Available data →
──────

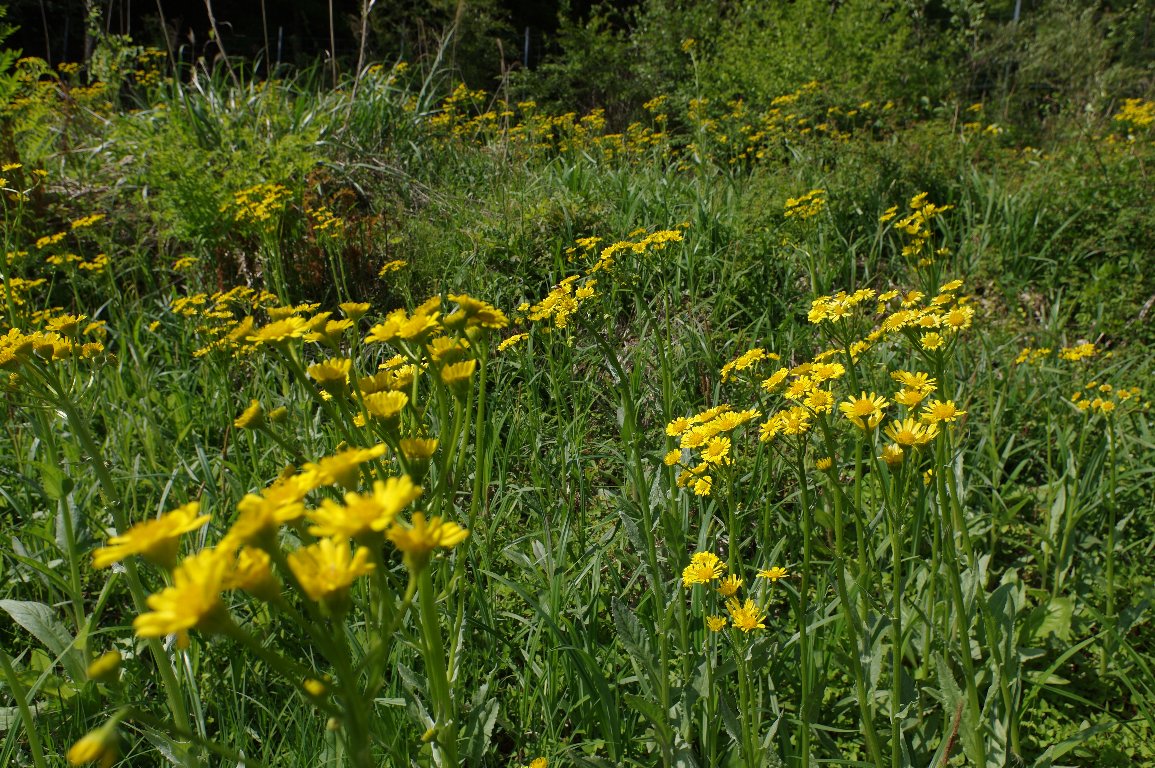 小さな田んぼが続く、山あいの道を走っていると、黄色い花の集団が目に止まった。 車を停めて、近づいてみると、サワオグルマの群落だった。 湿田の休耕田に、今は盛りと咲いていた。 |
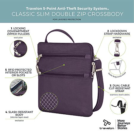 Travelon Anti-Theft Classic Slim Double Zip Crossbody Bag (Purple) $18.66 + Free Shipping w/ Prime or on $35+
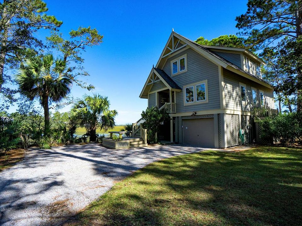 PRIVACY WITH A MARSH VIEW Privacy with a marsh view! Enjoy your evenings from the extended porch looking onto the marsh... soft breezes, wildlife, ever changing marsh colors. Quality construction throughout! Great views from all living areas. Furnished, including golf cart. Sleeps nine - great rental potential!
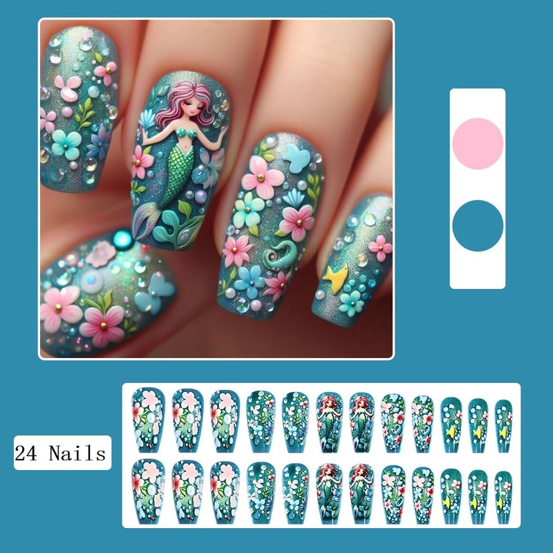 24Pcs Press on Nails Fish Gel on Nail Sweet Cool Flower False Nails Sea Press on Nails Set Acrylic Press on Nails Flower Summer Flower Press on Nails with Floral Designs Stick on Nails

──────

What needs to be done → Ignoring the pictures, write out word for word the lines from the line containing "Travelon Anti-Theft Classic" through the end of the material above.

Result of this task →
 Travelon Anti-Theft Classic Slim Double Zip Crossbody Bag (Purple) $18.66 + Free Shipping w/ Prime or on $35+
 PRIVACY WITH A MARSH VIEW Privacy with a marsh view! Enjoy your evenings from the extended porch looking onto the marsh... soft breezes, wildlife, ever changing marsh colors. Quality construction throughout! Great views from all living areas. Furnished, including golf cart. Sleeps nine - great rental potential!
 24Pcs Press on Nails Fish Gel on Nail Sweet Cool Flower False Nails Sea Press on Nails Set Acrylic Press on Nails Flower Summer Flower Press on Nails with Floral Designs Stick on Nails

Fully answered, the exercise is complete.